С тех пор поганец, получив монету, регулярно пытался слупить
с меня крупную купюру при помощи так и не похороненного дедушки.
Сегодня уже издалека я приспустила стекло и крикнула ему:
— Как здоровье покойного дедушки?
Он показал мне непристойный жест.
— Тут еще у нас на Бауманской таджики появились, —
сказал Слава. — Старые, грязные, в засаленных халатах… Ужас! А монахини!
— Как, монахини — тоже?..
— А как вы думали! Набирают каких-нибудь молдаванок. Те
стоят с постными синюшными рожами, собирают «на храм». Видел я однажды такую
монахиню после рабочего дня. Сидит за рулем машины, лоток свой перекинула на
заднее сиденье, плат сдвинула на затылок, а под глазом — здоровенный фингал. То
ли альфонс ее засандалил от всей души, то ли кто-то из благодарных клиентов…
Это, знаете ли, могучая индустрия — нищенство. У них своя иерархия, свои
законы, своя элита… Это целый… целый…
— Синдикат, — подсказала я Славе, и мы
одновременно расхохотались…
— Да, а насчет монахов… Я, в бытность мою работником
Свято-Даниловского монастыря…
— Слава!!! Вы — и монастырь?!
— Дак, Ильинишна… все ж перепробовать надо… У меня там
свояк трудился на ниве противопожарной стражи… Он меня и пристроил.
— Кем?
— Трудно сказать… Всяким-разным… Платили полтинник в
день, — а это тогда были деньги немаленькие, ну, и полный харч… Так я там
навидался, доложу вам… навидался этой святой жизни… Первым делом проходил я собеседование
с отцом Никодимом. Я ведь так понимаю: монахи, оне должны быть вдали, так
сказать, от мирских утех, а? А тут — вижу, ряса на нем шелковая, бородка
подровнена, щечки выбриты, на руце «Сейка» болтается, в офисе его
хрусталь-ковры и благолепие сверкающее…
И вот, сколько я там ящиков молотком посбивал, скольких
монасей пытал: как, мол, к вере пришел? — никто мне, Ильинишна, не мог
разумно ответить. Помню, сидели мы, выпивали с одним монахом…

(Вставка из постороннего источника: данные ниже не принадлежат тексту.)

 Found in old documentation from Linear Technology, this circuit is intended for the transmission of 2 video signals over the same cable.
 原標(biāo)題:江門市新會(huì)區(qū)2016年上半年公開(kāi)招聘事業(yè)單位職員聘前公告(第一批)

— Как это, выпивали? С монахом?! Побойтесь Бога, Слава…
— Я-то его не боюсь, поскольку никаких договоров о
найме на работу с ним не подписывал, а вот монахи-то почто его не
боятся, — не ведаю… Но хряпнуть за милую душу, да добавить вслед — это они
зараз… Был там такой, молоденький, вроде завхоза… отец… Евксиний, если
правильно помню… Ну, так это, — посмотришь на него — душа радуется:
животик круглый, рожа такая умильная, головушку эдак на плечико кладет,
улыбается, весь лоснится от довольства…
А однажды, помню, забрел к нам в монастырь настоящий
юродивый. Как есть юродивый: ободранный, вшивый, побитый, мочой от него — за
версту, пророчества выкрикивает, глаза горят, ну, и прочие прямые признаки.
Прямо Исайя, не приведи Господь! Казалось бы — примите с почестями, ведь это ж
божий человек, а? Бац, — телефонный звонок от Главного: кто это мол,
братцы, колбасится там у ворот? Только бомжей нам тут не хватало! Ну-к,
заломите его и дайте такого пенделя, чтоб дорогу сюда забыл…

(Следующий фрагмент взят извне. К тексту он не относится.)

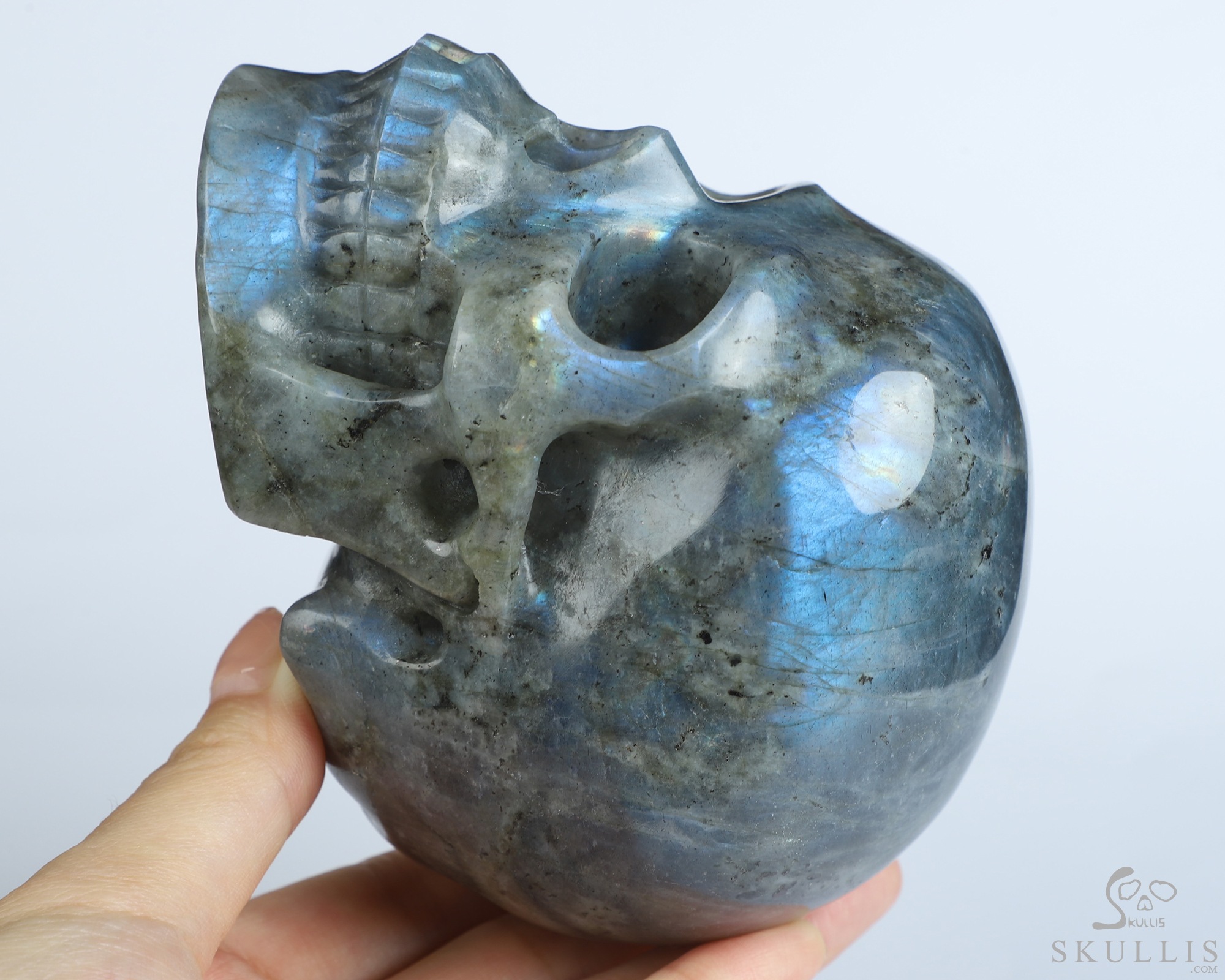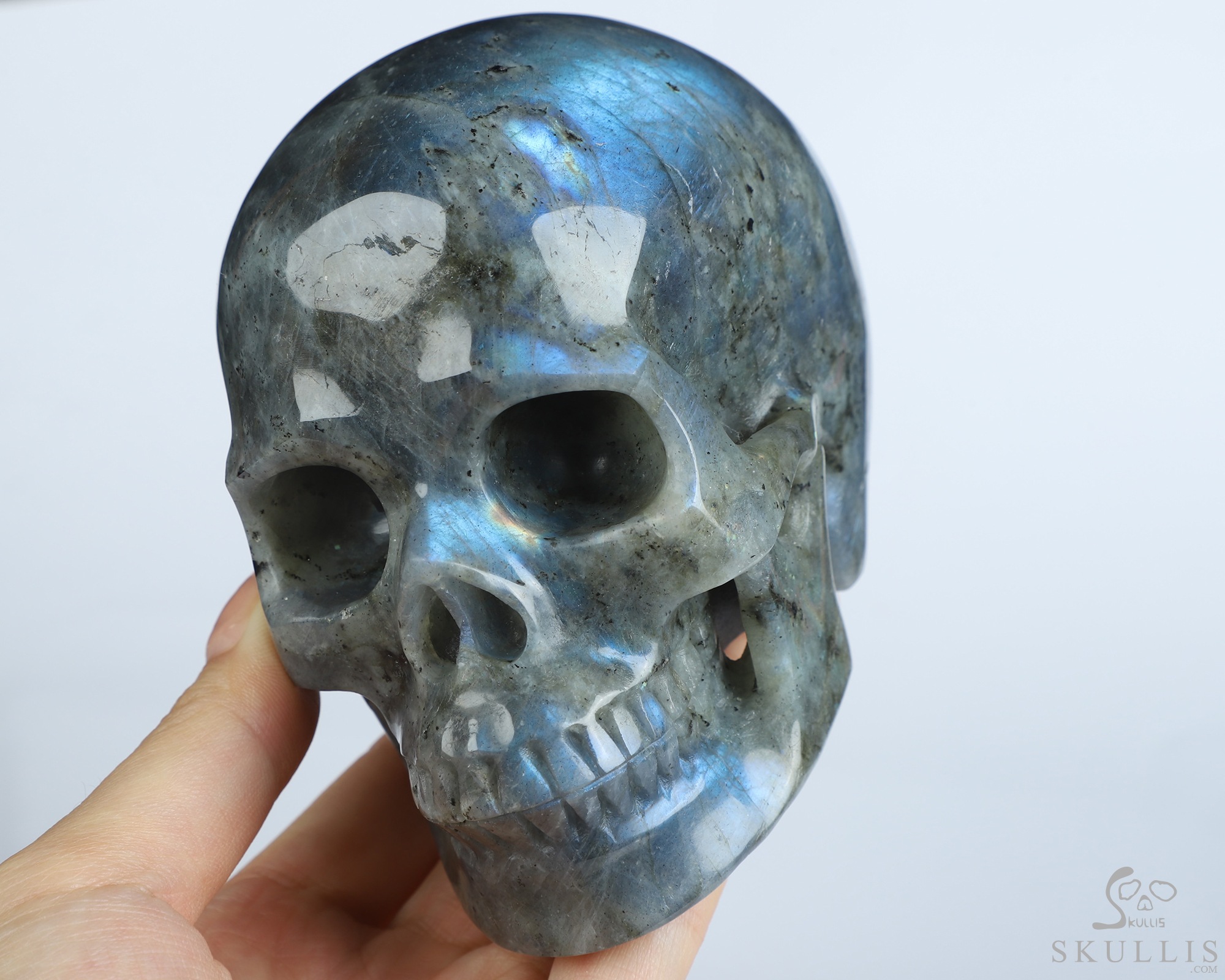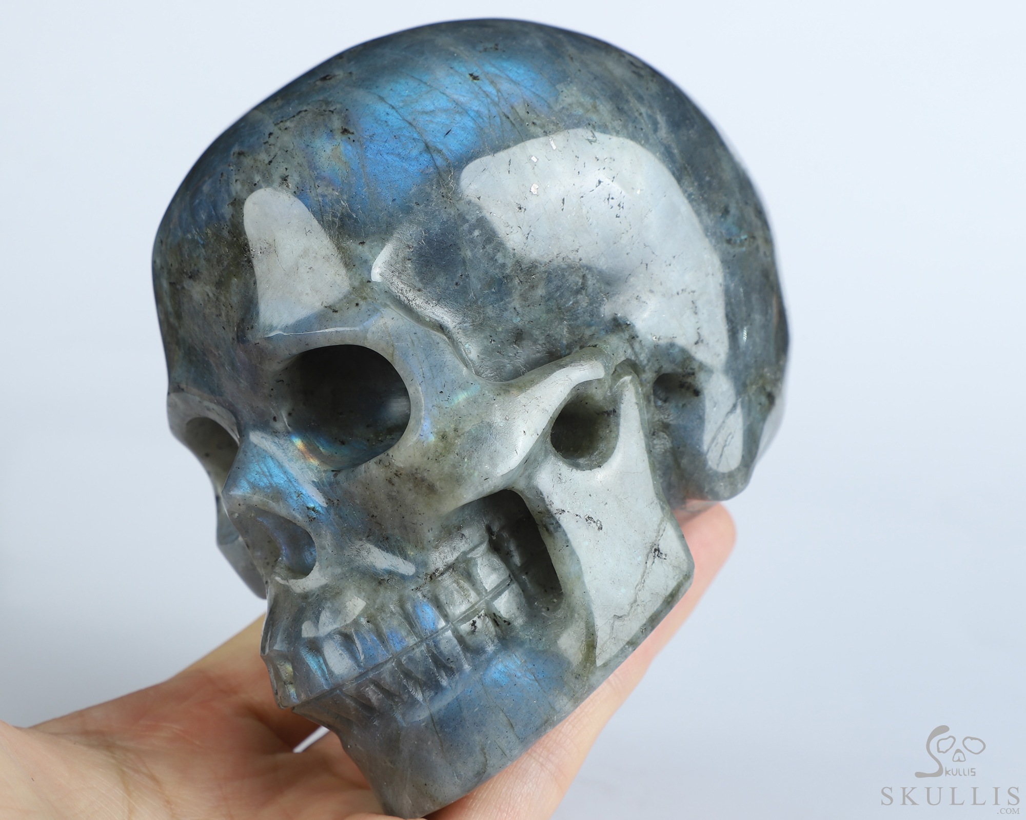5.1" Labradorite Hand Carved Crystal Skull, Super Realistic, Crystal Healing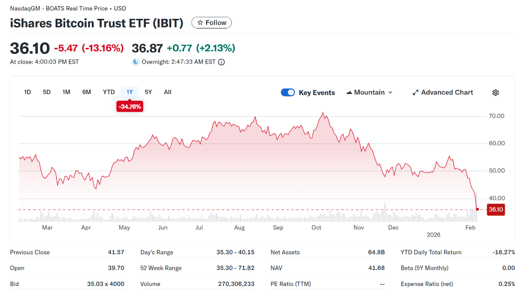 In terms of price, IBIT briefly fell below $35, reaching the lowest level since October 11, 2024. The fund’s price peaked at $71.82 in early October last year and has been declining since. As the world’s largest publicly listed Bitcoin fund, IBIT holds physical Bitcoin, aiming to mirror the spot price of Bitcoin. On Thursday, Bitcoin briefly dropped close to $60,000.

— Включите-ка радио, Слава — попросила я. — Что
там в ваших новостях про нас!
— А что — новости? Сегодня с утра все — про девальвацию
в Аргентине. Ну, говорю, до чего нервные эти латиносы! Песо, понимаешь, стал
шесть штук на доллар. А херово ли вам жилось бы, ребята, если б в одно
прекрасное утро вы проснулись, а песо с шести за доллар прыгнуло бы до
семнадцати? А?! И — ничего, и — похеру мороз…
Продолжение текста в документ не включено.